**Exercise instructions:** Please copy out the entries below exactly, beginning with the line that contains "1 عدد تمبر 150مین" and ending with the line that contains "位于陕西西安城南门外的荐福寺", and include nothing outside that span.

**Data:**
┄┄┄┄┄┄┄┄┄┄┄┄┄┄┄┄┄┄┄┄

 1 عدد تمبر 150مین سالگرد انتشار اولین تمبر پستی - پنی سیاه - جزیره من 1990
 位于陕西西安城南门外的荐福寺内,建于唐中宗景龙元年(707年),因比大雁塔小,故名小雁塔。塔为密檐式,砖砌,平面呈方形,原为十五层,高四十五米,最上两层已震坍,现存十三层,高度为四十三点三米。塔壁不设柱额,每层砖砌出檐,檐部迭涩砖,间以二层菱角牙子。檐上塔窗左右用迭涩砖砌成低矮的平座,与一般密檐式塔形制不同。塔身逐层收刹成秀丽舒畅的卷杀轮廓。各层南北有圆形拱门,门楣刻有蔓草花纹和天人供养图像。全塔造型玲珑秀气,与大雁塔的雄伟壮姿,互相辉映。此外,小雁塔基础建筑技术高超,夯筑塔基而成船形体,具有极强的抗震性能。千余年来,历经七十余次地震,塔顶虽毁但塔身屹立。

┄┄┄┄┄┄┄┄┄┄┄┄┄┄┄┄┄┄┄┄

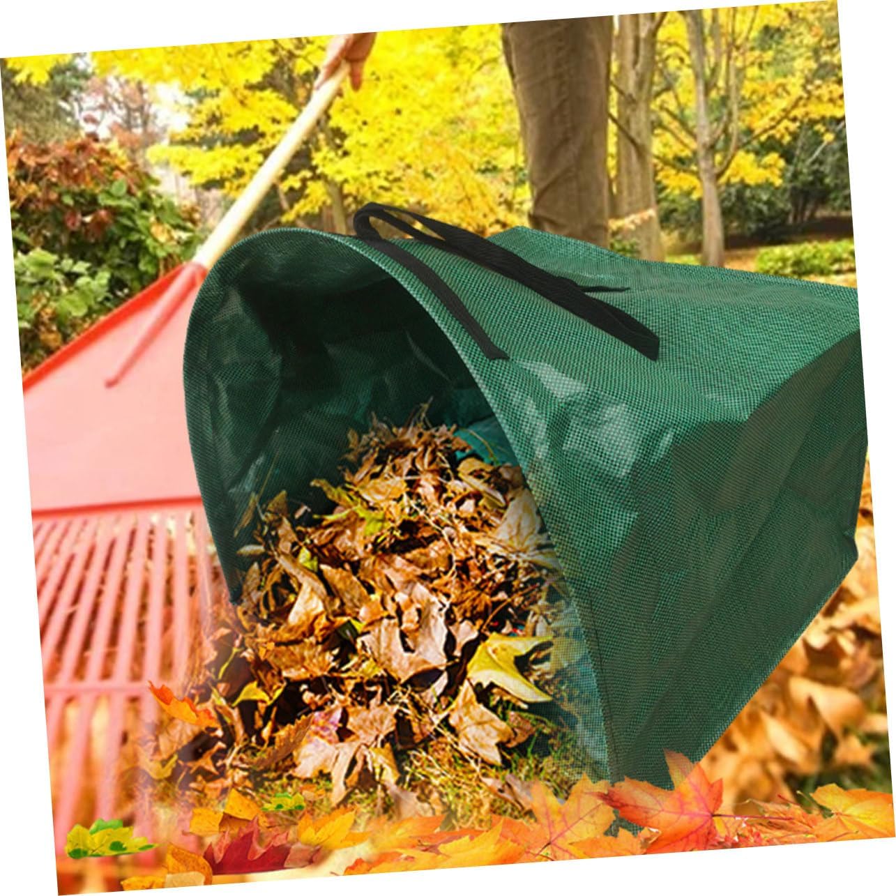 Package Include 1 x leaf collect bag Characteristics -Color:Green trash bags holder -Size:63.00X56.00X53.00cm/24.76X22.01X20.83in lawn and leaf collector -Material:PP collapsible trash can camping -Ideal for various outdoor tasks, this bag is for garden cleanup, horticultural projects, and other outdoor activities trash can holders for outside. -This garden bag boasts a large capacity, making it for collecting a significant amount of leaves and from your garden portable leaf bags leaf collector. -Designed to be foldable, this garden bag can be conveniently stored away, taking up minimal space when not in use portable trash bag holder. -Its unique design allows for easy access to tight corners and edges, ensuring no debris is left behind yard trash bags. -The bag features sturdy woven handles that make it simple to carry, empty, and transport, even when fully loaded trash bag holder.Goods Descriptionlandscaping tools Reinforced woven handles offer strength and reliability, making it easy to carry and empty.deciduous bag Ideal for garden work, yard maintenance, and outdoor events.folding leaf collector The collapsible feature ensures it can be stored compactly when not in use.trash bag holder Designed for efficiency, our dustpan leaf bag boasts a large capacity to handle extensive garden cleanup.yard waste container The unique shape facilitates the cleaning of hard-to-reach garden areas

┄┄┄┄┄┄┄┄┄┄┄┄┄┄┄┄┄┄┄┄

**Answer to the problem:**
 1 عدد تمبر 150مین سالگرد انتشار اولین تمبر پستی - پنی سیاه - جزیره من 1990
 位于陕西西安城南门外的荐福寺内,建于唐中宗景龙元年(707年),因比大雁塔小,故名小雁塔。塔为密檐式,砖砌,平面呈方形,原为十五层,高四十五米,最上两层已震坍,现存十三层,高度为四十三点三米。塔壁不设柱额,每层砖砌出檐,檐部迭涩砖,间以二层菱角牙子。檐上塔窗左右用迭涩砖砌成低矮的平座,与一般密檐式塔形制不同。塔身逐层收刹成秀丽舒畅的卷杀轮廓。各层南北有圆形拱门,门楣刻有蔓草花纹和天人供养图像。全塔造型玲珑秀气,与大雁塔的雄伟壮姿,互相辉映。此外,小雁塔基础建筑技术高超,夯筑塔基而成船形体,具有极强的抗震性能。千余年来,历经七十余次地震,塔顶虽毁但塔身屹立。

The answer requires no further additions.